🖨️ Print / Download PDF

Mani Vs State

Case No: Crl.A. No. 301 of 2007

Date of Decision: Oct. 14, 2014

Acts Referred: Criminal Procedure Code, 1973 (CrPC) — Section 313#Penal Code, 1860 (IPC) — Section 294(b), 302, 324, 325, 326

Citation: (2014) 4 MLJ(Cri) 583

Hon'ble Judges: R.S. Ramanathan, J

Bench: Single Bench

Translate: English | हिन्दी | தமிழ் | తెలుగు | ಕನ್ನಡ | मराठी

Judgement

R.S. Ramanathan, J.@mdashThe appellant was convicted for an offence under Section 325 IPC and sentenced to undergo five years rigorous

imprisonment and to pay a fine of Rs. 10,000/-, in default, to undergo three months simple imprisonment, by the Principal Sessions Judge, Vellore

in S.C. No. 277 of 2006 dated 7.3.2007. This appeal is filed against the said conviction and sentence. The case of the prosecution is that the

deceased gave money to the accused for buying a cellphone. On 4.1.2006, at about 2.30 p.m, the deceased was brought in an auto to his house

and the auto driver informed that the deceased was attacked by some persons near Chelliamman Temple. The deceased had sustained some

injuries on the head and legs and he was unconscious and therefore, the mother of the deceased took him to the Government Hospital at Vellore

on 4.1.2006 and he was given treatment there and he was advised to go to CMC Hospital at Vellore or Government General Hospital at Chennai

and therefore, the deceased was taken to Government General Hospital at Chennai where he was operated and he was taking treatment for one

and half months and he was discharged on 14.2.2006 and thereafter, he stayed in his sister''s house and came to Vellore on 20.02.2006. On

21.02.2006, he appeared before the respondent police and gave a complaint stating that on 4.1.2006, he was asked by the accused to come to

Dhanabackiyam Marriage Hall at Gandhi Nagar and he went there and from there, he was taken by the accused in a TVS 50 vehicle under the

Palar Bridge and the accused scolded him and attacked him with a wooden log on the backside of the head and he fell unconscious and some

body took him in an auto and left him in his house and his mother took him to the Government Hospital, Vellore at about 3.30 p.m., and from

there, he was taken to the Government General Hospital at Chennai on the next day, and he was discharged on 14.2.2006 and after going to his

sister''s house, he came to Vellore on 20.2.2006 and on 21.02.2006, he have a complaint before the police.

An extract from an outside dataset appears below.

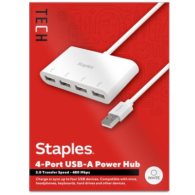 Never be without enough connection ports again. Connect USB-A peripheral devices - like mice, keyboards, headphones, and charging cords - for a completely connected workstation. Powered by USB 2.0, this hub promises fast data transfer speeds up to 480 Mbps. Measuring at just 3" x 5" this hub is compact and portable, perfect for on-the-go workers or smaller work spaces. Enjoy reliable and fast connectivity with the Staples TECH Four-Port Hub. Backed by Staples 100% Satisfaction Money Back Guarantee.

On that basis, FIR was registered in

Crime No. 132/2006 against the appellant for offence under Sections 294(b) and 324 of IPC and later, investigation was conducted and charge

sheet was filed for offence under Section 294(b) and 326 IPC and the deceased died on 28.5.2006 and therefore, the case was altered into one

under Section 302 IPC and a final report was filed for the offence under Section 302 IPC. It is the further case of the prosecution that P.W. 1

father of the deceased, though not an eye-witness gave evidence regarding the fact that the deceased was brought to his house by an auto driver

and thereafter, he was admitted in the Government Hospital at Vellore and later, he was taken to the Government General Hospital at Chennai.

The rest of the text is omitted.